- Brief
Begin with the line containing "Trước sự chứng", end with the last line of the records, and retype everything in between exactly, without the pictures.

- Dataset excerpts
- - - - - - -

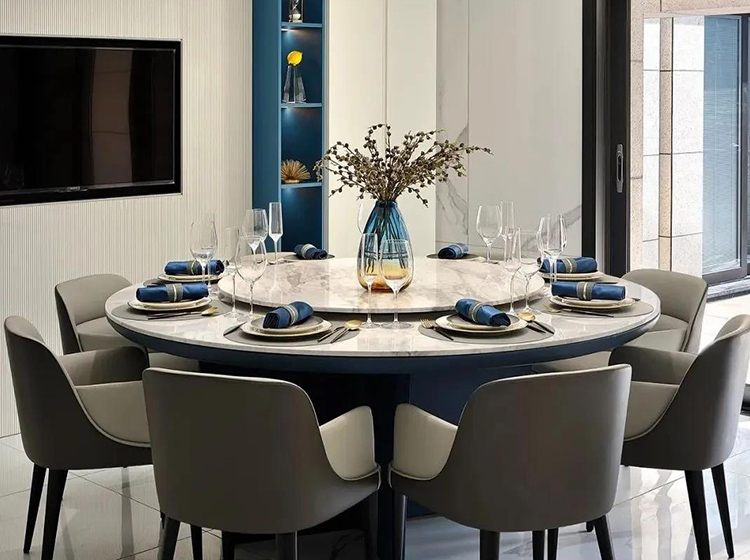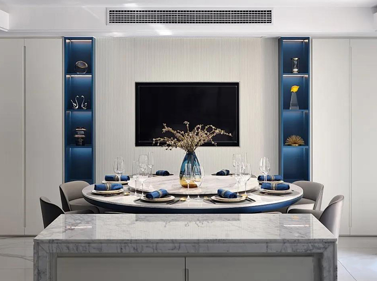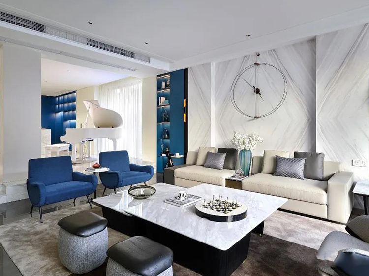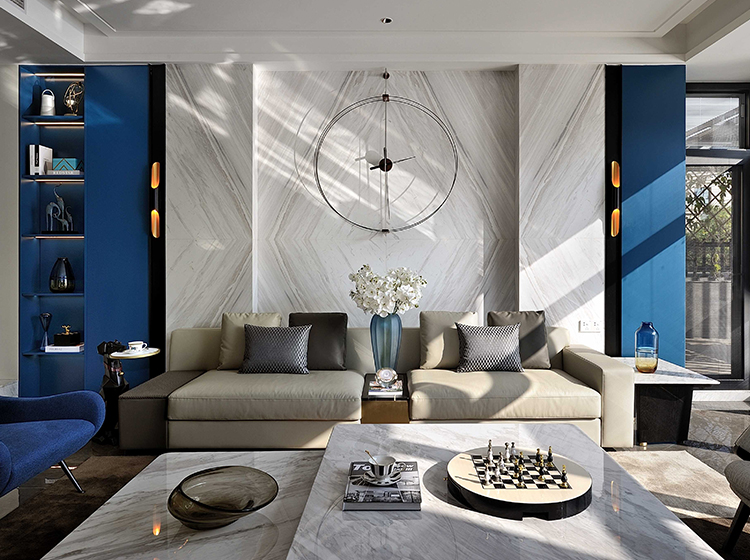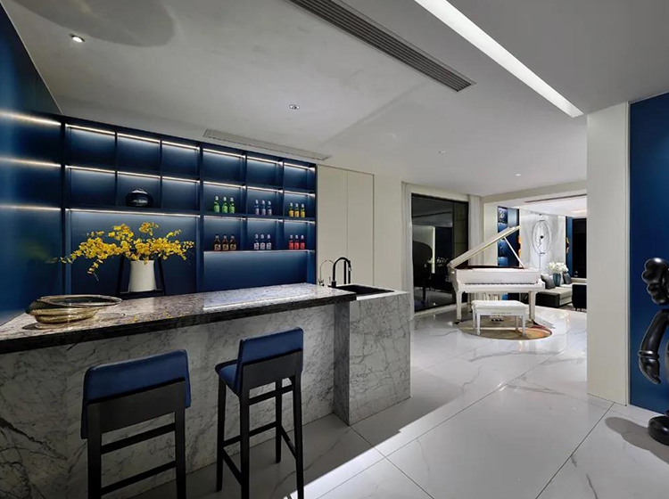 藍色與大海、晴空等自然景觀能夠產生強烈的關聯,墻體純潔的乳白色與護墻板的海藍色進行碰撞,形成強烈的視覺效果,大理石紋做些許點綴,清新優雅,仿佛平靜的藍色海面上泛起層層浪花。
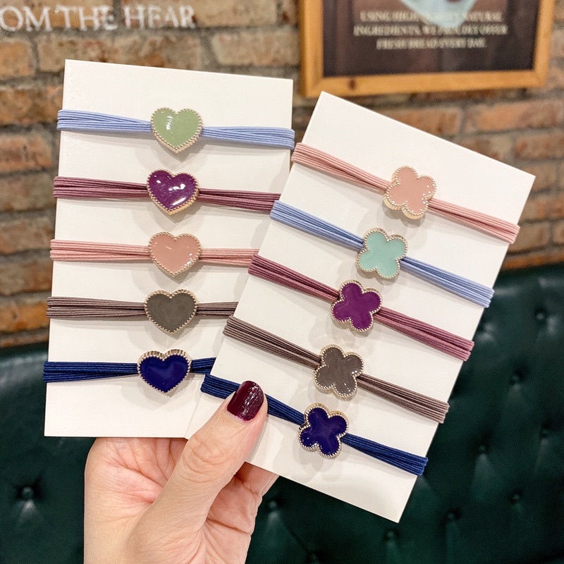 A91 ยางรัดผมหัวใจและใบนำโชค ยางรัดผมแฟชั่นสไตล์เกาหลี พร้อมส่ง
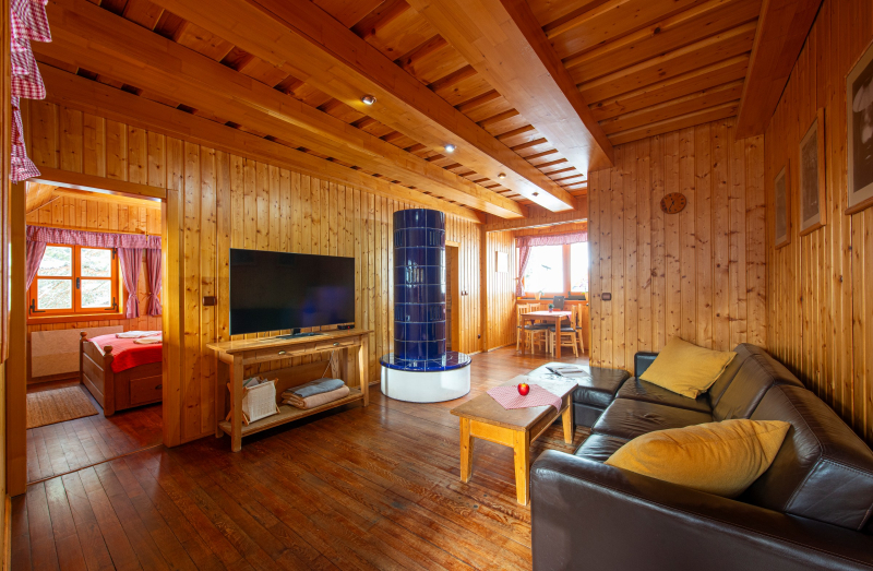 - spoločenská miestnosť s kuchynským a jedálnym kútom, elektrická keramická akumulačná pec
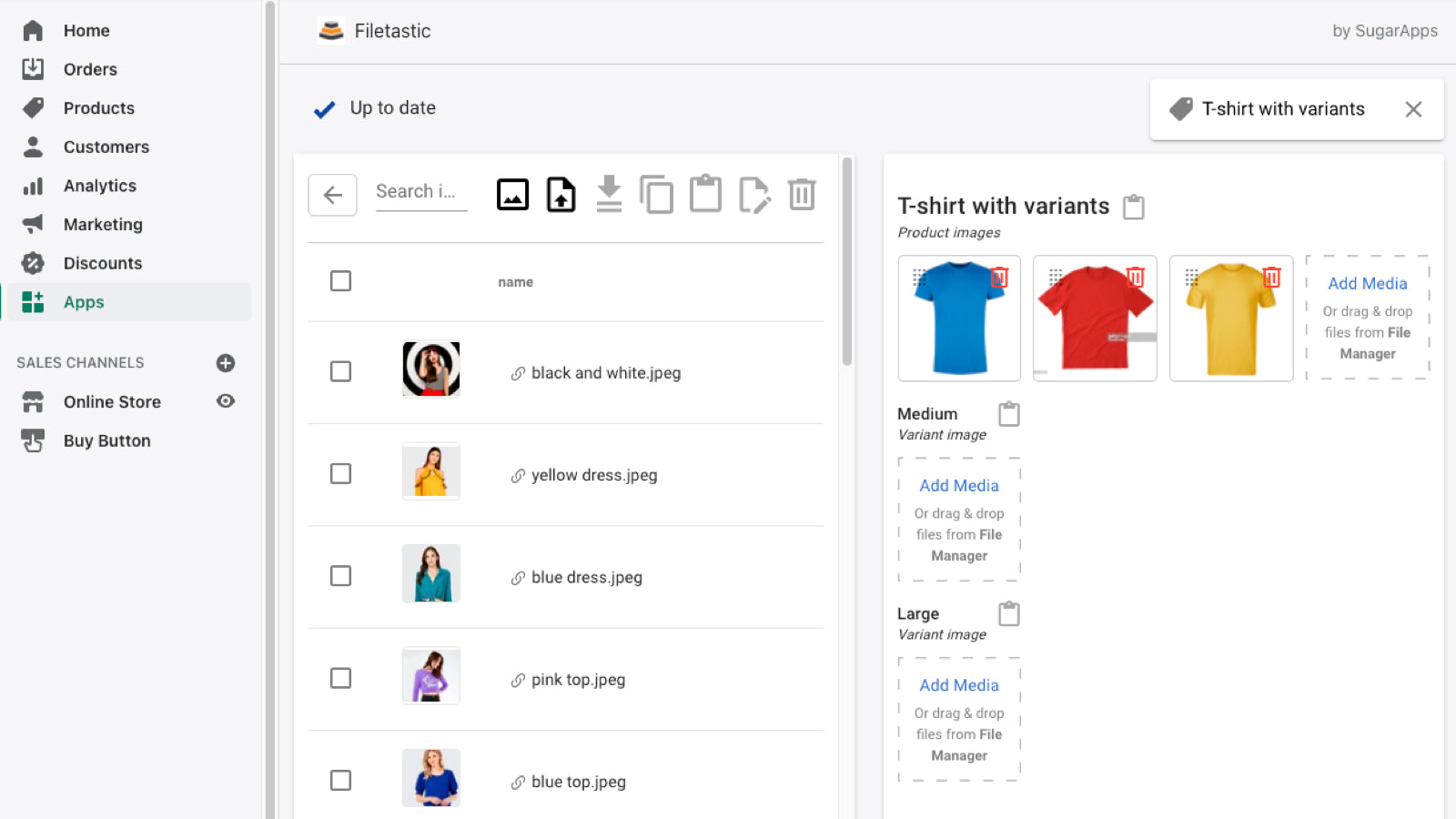 Filetastic helps you get in control of your store images and files. You don't need to use Cloud Storages like Dropbox or Google Drive anymore. You don't need to keep your shop files on your local disk either. Simply manage images and files on your store through Filetastic. Create folders, group files, download images, edit their SEO (alt text), and upload images to your products, collections and articles with ease. Don't lose track of your files and images anymore.
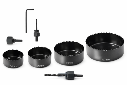 El Juego de Sierras Copas está fabricado en acero al carbono con tratamiento de oxidación negra, ofreciendo resistencia al desgaste,
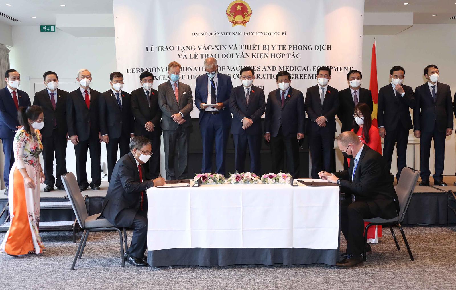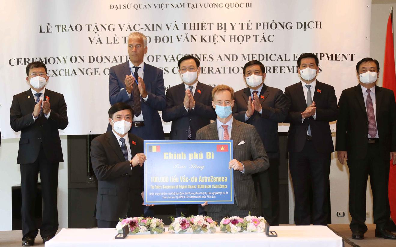 Trước sự chứng kiến của Chủ tịch Quốc hội và Đoàn Việt Nam, Đại sứ Đặc mệnh toàn quyền của Việt Nam tại Vương Quốc Bỉ, lãnh đạo Bộ Ngoại giao Bỉ, đại diện Bộ Ngoại giao Bỉ đã trao 100.000 liều vaccine AstraZeneca cho Việt Nam để hỗ trợ phòng chống dịch COVID-19.
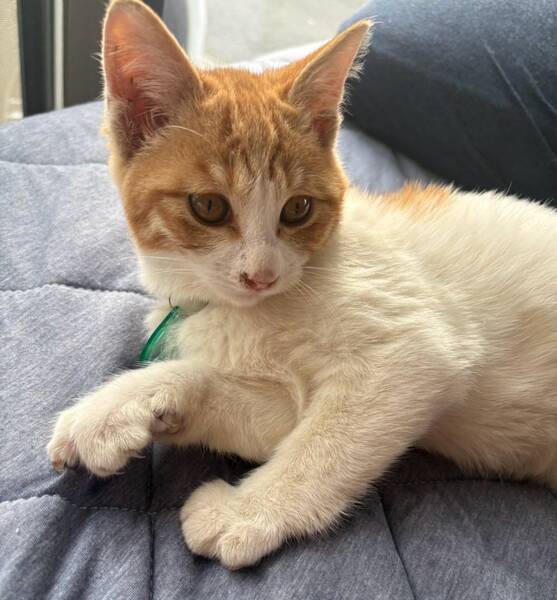 | 特徴(性格など) | 名前:プッチ 性別:男の子 年齢:生後3ヶ月 体重:1.5kg 猫種:雑種 毛色:白と茶 とても穏やかで、スリスリゴロゴロ甘えん坊の男の子。トイレも完璧です。 |

- - - - - - -

- Expected answer
 Trước sự chứng kiến của Chủ tịch Quốc hội và Đoàn Việt Nam, Đại sứ Đặc mệnh toàn quyền của Việt Nam tại Vương Quốc Bỉ, lãnh đạo Bộ Ngoại giao Bỉ, đại diện Bộ Ngoại giao Bỉ đã trao 100.000 liều vaccine AstraZeneca cho Việt Nam để hỗ trợ phòng chống dịch COVID-19.
 | 特徴(性格など) | 名前:プッチ 性別:男の子 年齢:生後3ヶ月 体重:1.5kg 猫種:雑種 毛色:白と茶 とても穏やかで、スリスリゴロゴロ甘えん坊の男の子。トイレも完璧です。 |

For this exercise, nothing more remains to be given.